Satan's owner was very good about it all, I arrived at her doorstep full of crocodile tears I'd nicked from the zoo last week and told her some sob story about a truck hitting the bugger. She was a bit thick and so forgot to question the blatant katana marks, so everything went to plan! Apart from the cat. I swear it was an accident. The idiot wandered into my blade. It was a shame really, the wife left me because of it - still, at least I killed her dog. I hate rottweilers.

Thursday 9 June 2011

I dink I have a dold

I think I have a cold coming on, this is a happy time for it to be stalking me as exam week has finished now - just one more trial to survive tomorrow :D Hopefully my grade will not be influenced by my malfunction.
I remember in year 7 in a maths exam I was sat next to somebody with a cold, it annoyed the nails off my fingers. I do sincerely hope that nobody will suffer at my expense at zero hour, I'd hate for my cold being responsible for the teacher getting irritated at somebody because of their low score which was directly influenced by my cold. I know the class setting won't be changed at all and so tomorrow's test is a bit pointless, but still, it's the principles.

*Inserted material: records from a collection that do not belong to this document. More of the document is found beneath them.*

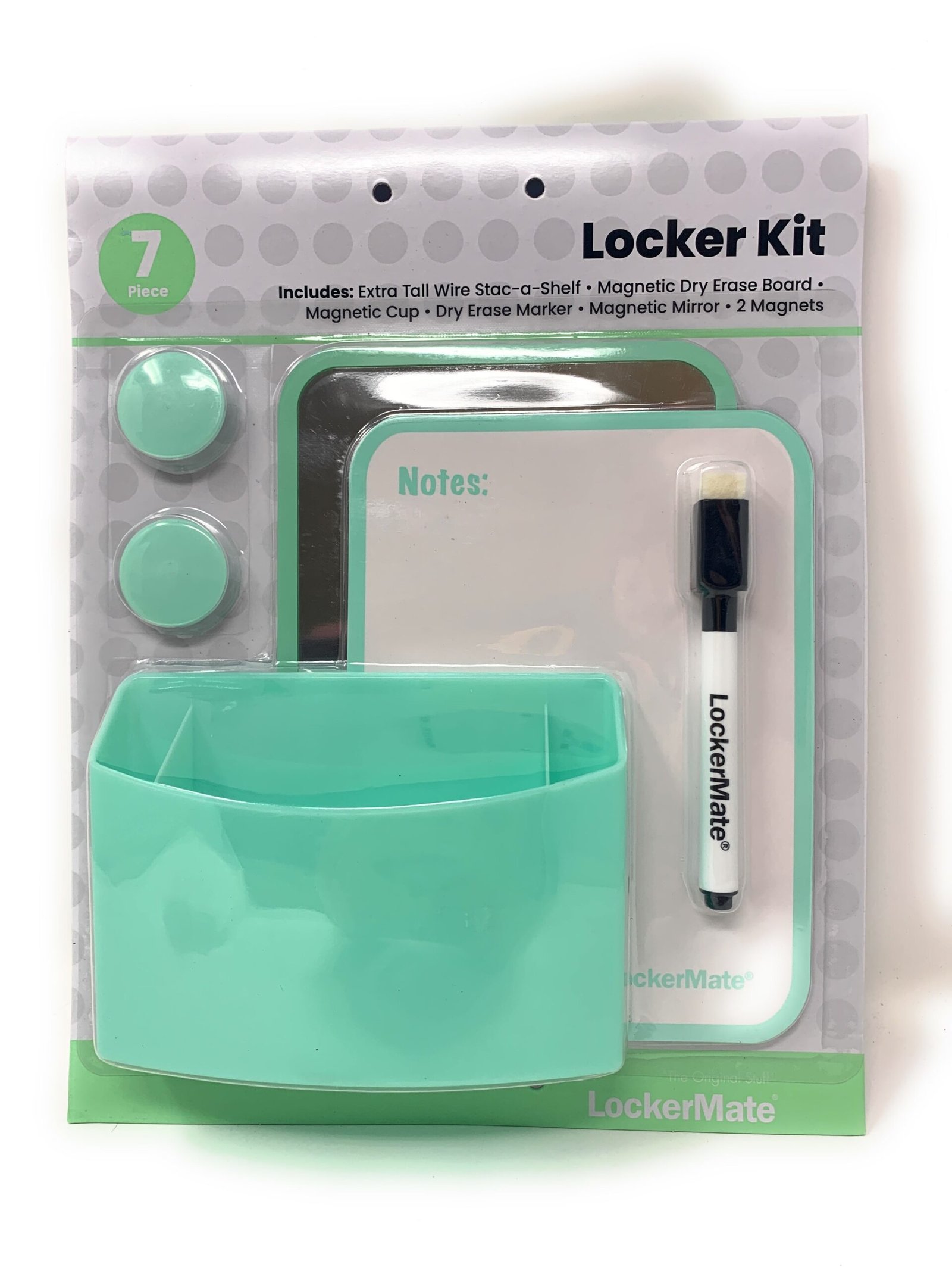 Keep your student organized with this Seven-Piece Locker Kit. This pack comes with everything they need to start school in style. Space is often limited in lockers, so the extra wire shelf adds more room for school supplies and books. The dry-erase board and two magnets make it easy to jot down reminders and keep track of important papers. This locker shelf kit even includes a mirror and storage cup. Lockermate is the leading innovator in organizational solutions for the school, home and office. Our team is dedicated to creating quality products with the cutting edge features, enhanced safety, and progressive design. Customize and personalize your school locker now.
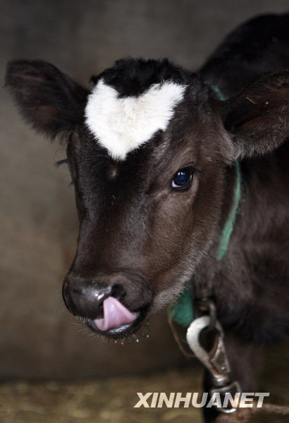 這頭被主人親切地稱(chēng)為“小心”的奶牛上月25日降生于藤澤市私營(yíng)的山君農(nóng)場(chǎng)。小家伙一身棕色體毛,唯獨(dú)額頭的心形圖案是純白色,恰好與牛年情人節(jié)的浪漫氣氛相吻合。經(jīng)當(dāng)?shù)剞r(nóng)協(xié)爆料后,小牛犢迅速躥紅,吸引了海內(nèi)外眾多媒體的關(guān)注。如今面對(duì)記者,它已經(jīng)能溫順地配合主人擺出各種姿勢(shì),頗具“明星”風(fēng)范。
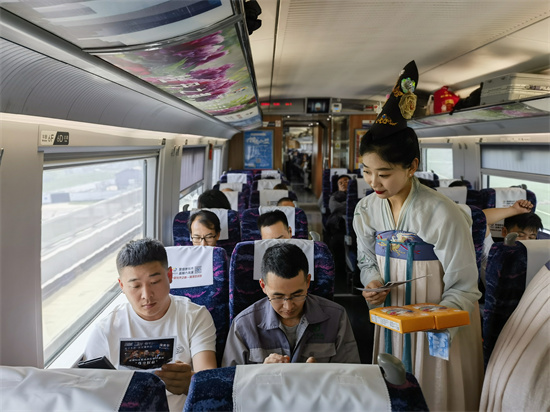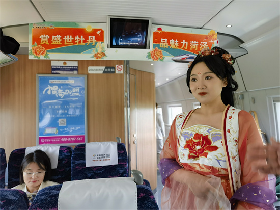數(shù)名乘務(wù)員身穿漢服、懷抱菏澤特產(chǎn)在車廂內(nèi)進(jìn)行宣傳,牡丹飴、罐子湯等各類產(chǎn)品陸續(xù)免費(fèi)兌換給乘客,每節(jié)車廂內(nèi)都洋溢著喜悅的氛圍。乘務(wù)人員還為乘客們表演了快板書等節(jié)目,贈(zèng)送了菏澤牡丹開發(fā)企業(yè)提供的牡丹鮮切花和牡丹氣泡水。

I'm on Skype now, I can hear a friend playing the guitar, it's very nice - don't tell him I said that though. Oh dear, he's trying to sing. This is a shambles. Yay! I love how the electronically distorted notes fit perfectly together, they are so nicely in harmony it's freaky. The pace is slowing down a bit now... I wish I'd learnt the guitar. I never had any reason to do so which is probably why I didn't; I took cello lessons for a while but then stopped, I'm not 100% sure as to why I stopped, I just did.
Never give up on an instrument, you'll regret it later. If you get the opportunity to learn something like guitar or piano... do it. They sound nice.
Ahhhh, a very endearing repetitive chord thingy is being played now, lovely.

Sunday 5 June 2011

passionate love, in the oven

I've been on holiday recently, I paid visit to one of Mr. Billy Butlin's attractions. It was bad - the two things that got me through it were my book and the dodgems (NO bumping). I had low expectations from the off, but I was completely dumbfounded by the accommodation. In a word? Crap, with grime included in the cost. I was surprised that flies weren't making passionate love in the oven. In fact, I was surprised the bloody roof hadn't eaten itself.

In my area roofs tend to be very emotional creatures, prone to nervous breakdances and spontaneous combustion. That was a lie.

Wednesday 1 June 2011

ON HOLIDAY

I would post, but I can't. So I won't. And yes, it really did take this long to think of this.